UDC 517.949.2

MATHEMATICS

M. L. RASULOV

THE FUNDAMENTAL MATRIX OF SOLUTIONS OF A SYSTEM OF THE SPECTRAL PROBLEM OF HEAT AND MASS TRANSFER

(Presented by Academician I. N. Vekua on 11 IX 1967)

It is known that the system of differential equations of heat and mass transfer under molecular and molar transfer of energy and matter in the case of constant coefficients has the form \((({}^{1}), \text{Ch. VI})\)

\[ \partial v/\partial t = A \Delta v, \tag{1} \]

where \(A\) is a square matrix of the third order with constant elements \(a_{ij}\) \((i,j=1,2,3)\), and \(\Delta\) is the three-dimensional Laplace operator with respect to the point \(x=(x_1,x_2,x_3)\).

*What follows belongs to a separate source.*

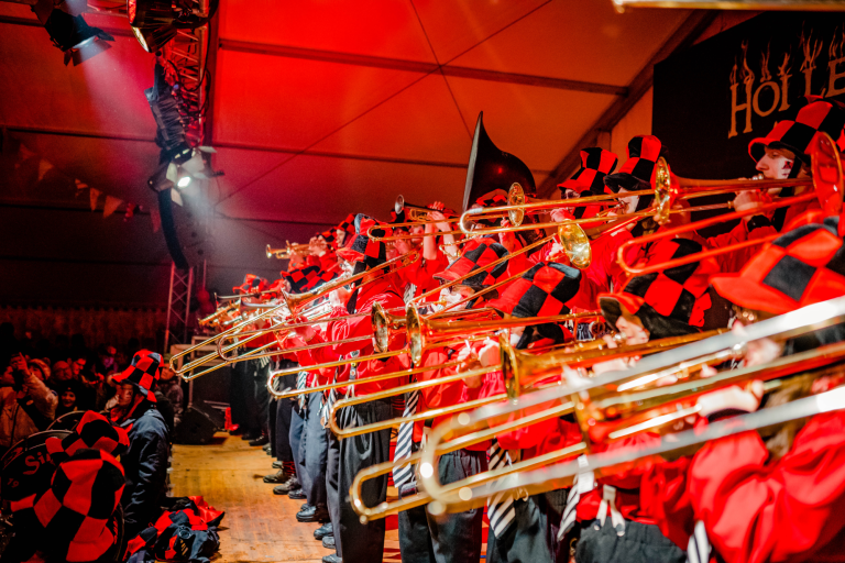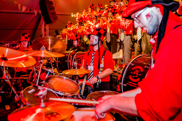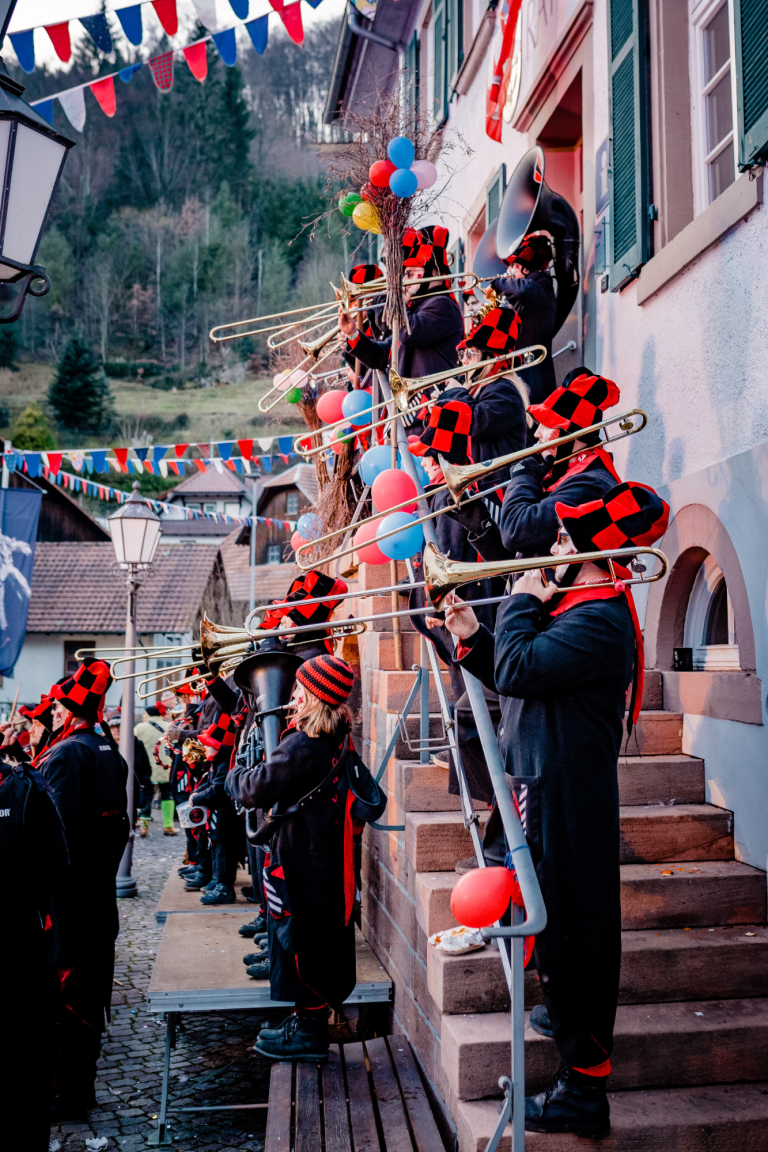 Die Zeit nahm ihren Lauf und die wilden 90er brachen an. Gruppen wie „2 Unlimited“ und „Ace of Base“ beherrschten den Musikmarkt. Die Bundespost führte die neuen 5-stelligen Postleitzahlen in Deutschland ein und in 77716 Hofstetten wurde am 06.07.1993 die Narrenzunft der Höllenhunde gegründet. Die 14 Gründungsmitglieder traten zu ihren ersten Umzügen an und merkten dabei, dass dies mit lautstarker Musik viel besser funktioniert. So kam im Frühjahr 1994 die Vorstandschaft der Höllenhunde mit der Bitte auf uns zu, einige Umzüge mit unserer Musik zu begleiten. Wir waren Feuer und Flamme von der Idee, schlossen uns den Höllenhunden an. Anfangs noch als „Homberle“ oder „Hemdglunker“ verkleidet, unterhielten wir unser Publikum mit Klassikern wie „Mamorstein“, „Ramba Zamba“ oder natürlich „Tränen lügen nicht“ unter der Leitung von Peter Neumaier. Dieser hatte bereits die Truppe beim Kindergarten-Umzug angeführt und hatte somit die nötige Kompetenz in Sachen Fasentsmusik.

In the note \(({}^{2})\) an application is given of the contour-integral method to the solution of a mixed problem for a parabolic system of the form (1) in the case when \(A\) is a square matrix of the second order. As is seen from the results of the note \(({}^{2})\), the application of the contour-integral method to the solution of a mixed problem for the parabolic system (1) is essentially connected with the construction of the fundamental matrix of solutions of the system of the corresponding spectral problem in finite form.

In this connection, in the present note the fundamental matrix of solutions is given for the system

\[ A \Delta u - \lambda^2 u = 0 \tag{2} \]

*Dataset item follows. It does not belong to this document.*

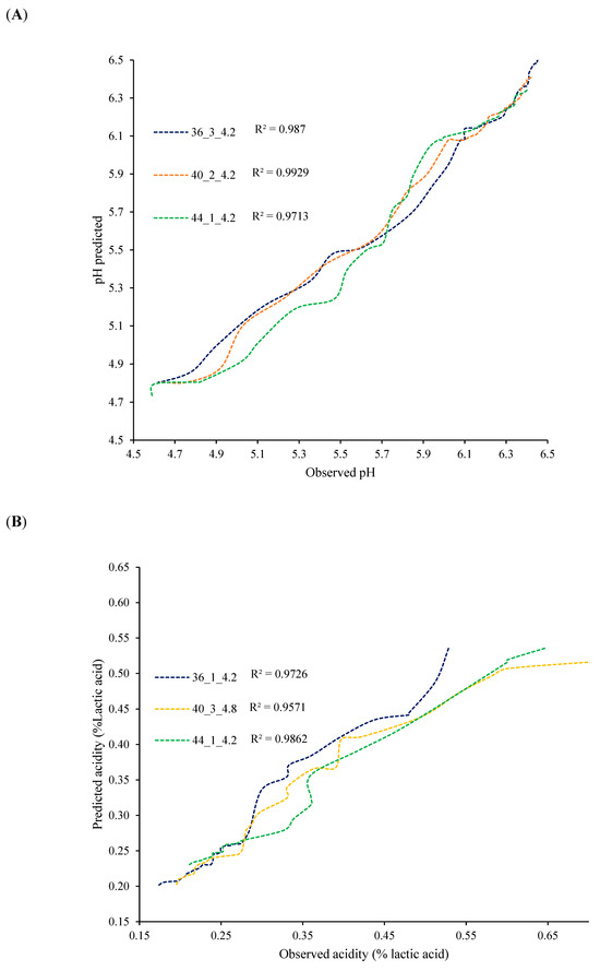 Relationship between experimental and predicted values versus estimated values (ANN model): (A) pH and (B) titratable acidity. Note: “36_1_4.2” refers to a fermentation at 36 °C, 1% starter concentration, and 4.8% protein content.

under the assumption of parabolicity of the system (1).

Let

\[ \delta(\mu)=\det(A+\mu E), \qquad \delta=\delta(0), \]

where \(E\) is the identity matrix of the third order. Denote by \(\delta_{ks}\) the algebraic complement of the element \((k,s)\) in the determinant \(\delta\).

By virtue of the parabolicity of the system (1), \(\nu\) — the roots of the equation

\[ \nu^3+(a_{11}+a_{22}+a_{33})\nu^2+(\delta_{11}+\delta_{22}+\delta_{33})\nu+\delta=0 \tag{3} \]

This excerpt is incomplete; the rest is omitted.